■ INSTRUCTIONS FOR THE TASK ■
Could you give the records below again exactly, without the pictures?

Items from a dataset
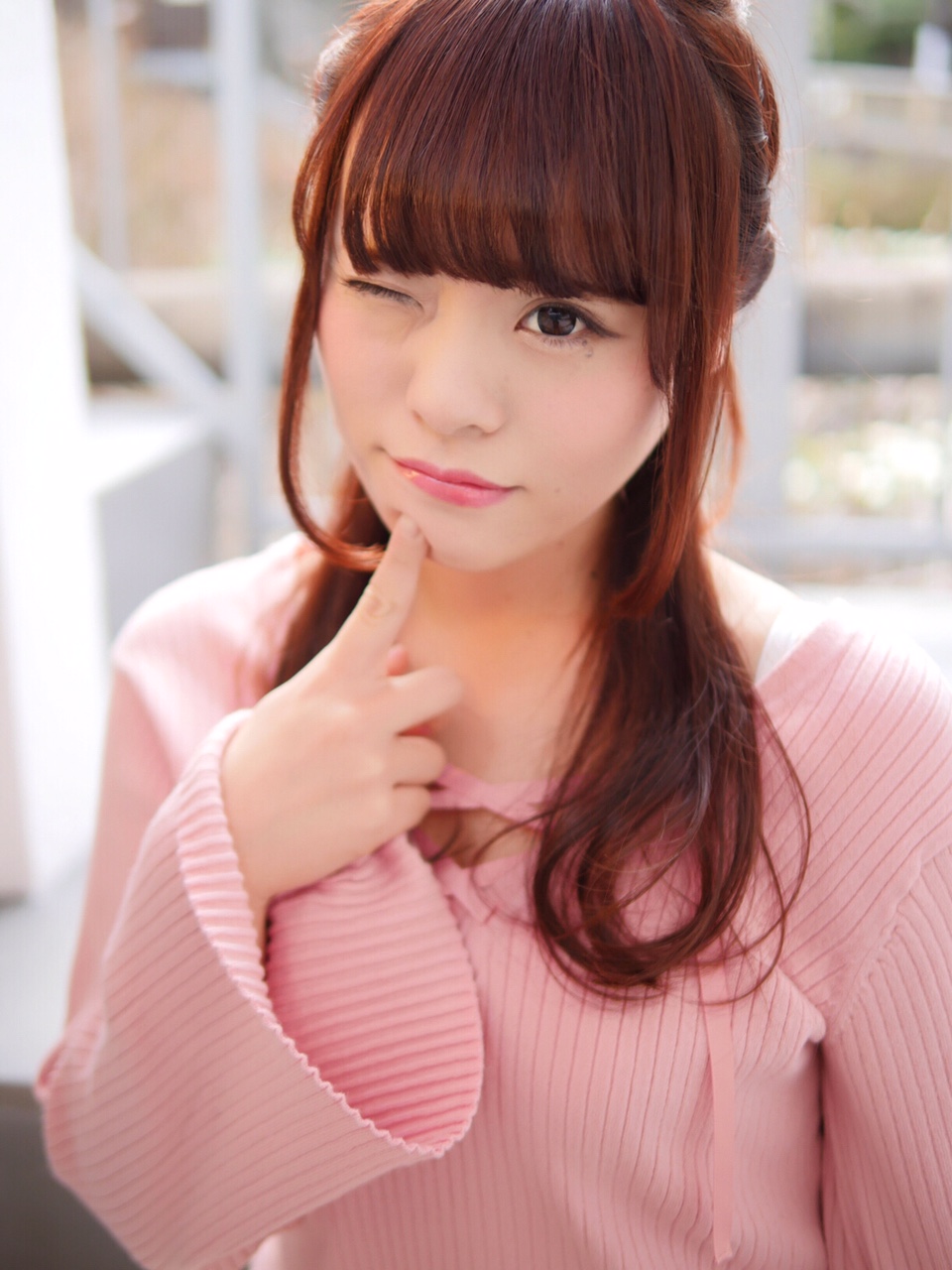 重め、前髪、ピンクカラー、とことんフェミニンに可愛く。男の子ウケはバッチシです^^
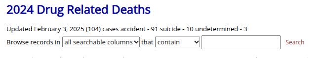 All told, the Illinois Record has calculated over 740 drug-related deaths during Summers’ tenure, with nearly all ruled accidental, with a handful of deaths categorized as suicide and undetermined each year. The Illinois Record identified a handful of drug-induced homicides indictments in WIll County, but each was first ruled an accident, suicide, or undetermined, and only later reversed through the efforts of victim families and other law enforcement branches.
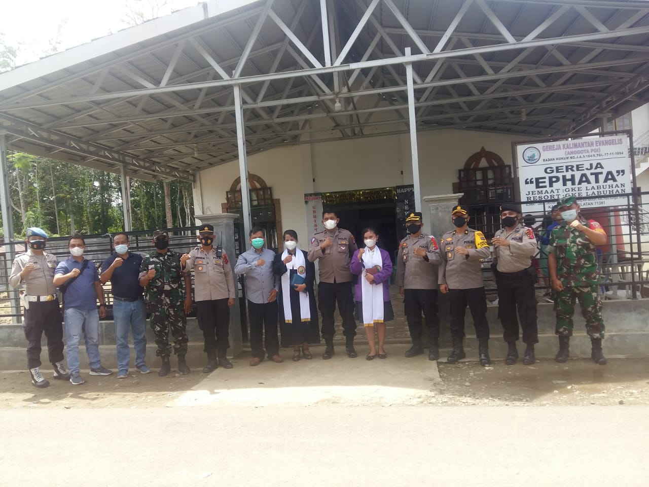 BARABAI-Personel gabungan TNI-Polri dari Kodim 1002/HST dan Polres HST melaksanakan pengamanan kegiatan Ibadah tahun baru umat nasrani di Gereja Kalimantan Evangelis (GKE) EPHATA
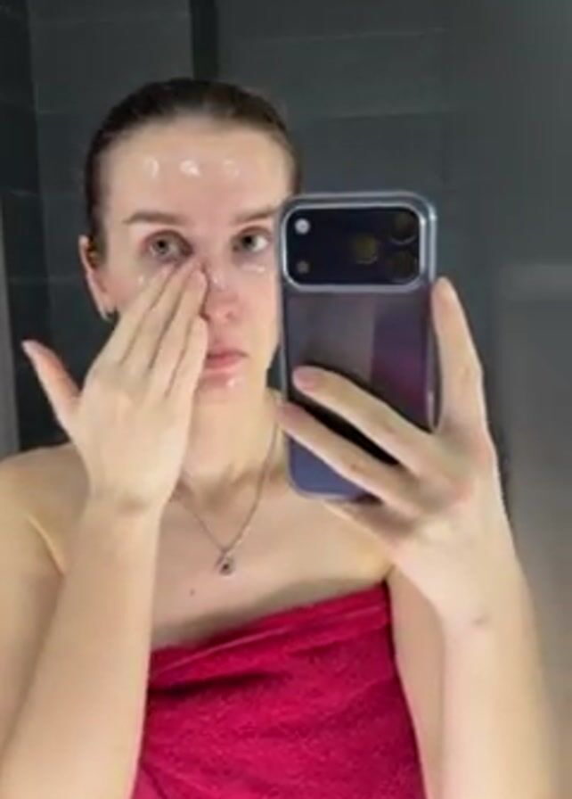 In a medium shot, a woman stands in front of a mirror, recording herself with a smartphone. She's wrapped in a magenta towel, her hair is pulled back, and she is wearing a delicate silver necklace. She has applied dots of white cream on her face. With her right hand, she gently rubs the cream into her skin, starting from her cheeks and moving towards her eyes and forehead. She holds the phone in her left hand, keeping the camera focused on her face. The background is a gray-toned wall, likely in a bathroom or dressing area.
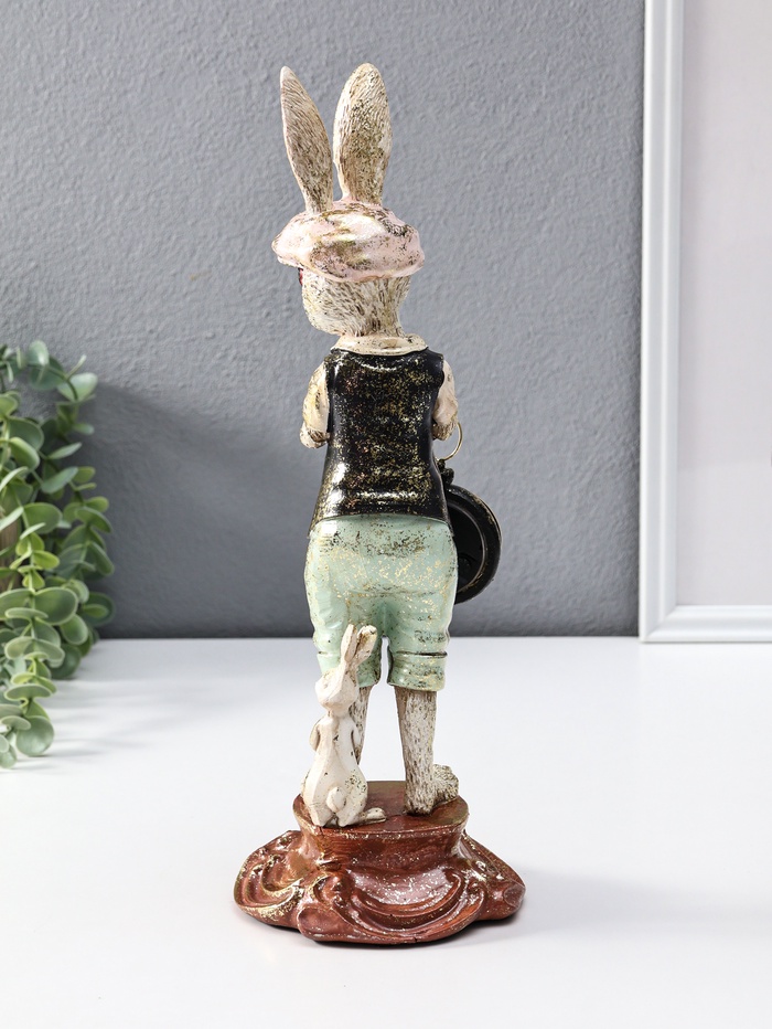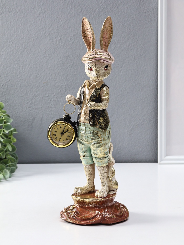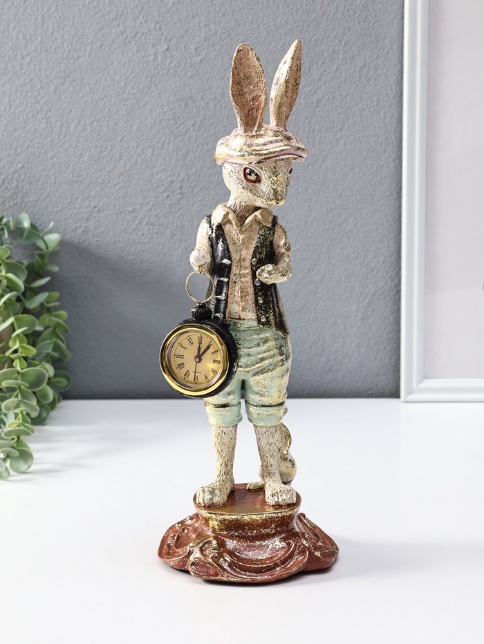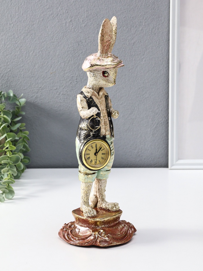 Эта настольная фигурка с часами станет очаровательным акцентом в интерьере и практичным подарком на Пасху или любой другой праздник. Зайчик в кепке, выполненный из прочного полистоуна, держит в лапках классические часы, создавая уютную и немного ностальгическую атмосферу.
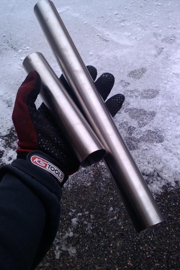 Je pensais avoir trouvé une demi-journée complète pour bosser... Perdu ! J'ai quand même eu le temps de couper 2 tubes inox : le premier va partir à la soudure, pour faire une dérivation pour le vase d'expansion. Le second est la première pièce du circuit de refroidissement! J'ai aussi récupéré le coude qui permettra de retourner et de déplacer le boitier papillon. Comme d'hab, les soudures sont au top! Voilà, c'est maigre comme news, mais après 3 mois sans y toucher, je suis à fond avec rien

■ RESULT ■
 重め、前髪、ピンクカラー、とことんフェミニンに可愛く。男の子ウケはバッチシです^^
 All told, the Illinois Record has calculated over 740 drug-related deaths during Summers’ tenure, with nearly all ruled accidental, with a handful of deaths categorized as suicide and undetermined each year. The Illinois Record identified a handful of drug-induced homicides indictments in WIll County, but each was first ruled an accident, suicide, or undetermined, and only later reversed through the efforts of victim families and other law enforcement branches.
 BARABAI-Personel gabungan TNI-Polri dari Kodim 1002/HST dan Polres HST melaksanakan pengamanan kegiatan Ibadah tahun baru umat nasrani di Gereja Kalimantan Evangelis (GKE) EPHATA
 In a medium shot, a woman stands in front of a mirror, recording herself with a smartphone. She's wrapped in a magenta towel, her hair is pulled back, and she is wearing a delicate silver necklace. She has applied dots of white cream on her face. With her right hand, she gently rubs the cream into her skin, starting from her cheeks and moving towards her eyes and forehead. She holds the phone in her left hand, keeping the camera focused on her face. The background is a gray-toned wall, likely in a bathroom or dressing area.
 Эта настольная фигурка с часами станет очаровательным акцентом в интерьере и практичным подарком на Пасху или любой другой праздник. Зайчик в кепке, выполненный из прочного полистоуна, держит в лапках классические часы, создавая уютную и немного ностальгическую атмосферу.
 Je pensais avoir trouvé une demi-journée complète pour bosser... Perdu ! J'ai quand même eu le temps de couper 2 tubes inox : le premier va partir à la soudure, pour faire une dérivation pour le vase d'expansion. Le second est la première pièce du circuit de refroidissement! J'ai aussi récupéré le coude qui permettra de retourner et de déplacer le boitier papillon. Comme d'hab, les soudures sont au top! Voilà, c'est maigre comme news, mais après 3 mois sans y toucher, je suis à fond avec rien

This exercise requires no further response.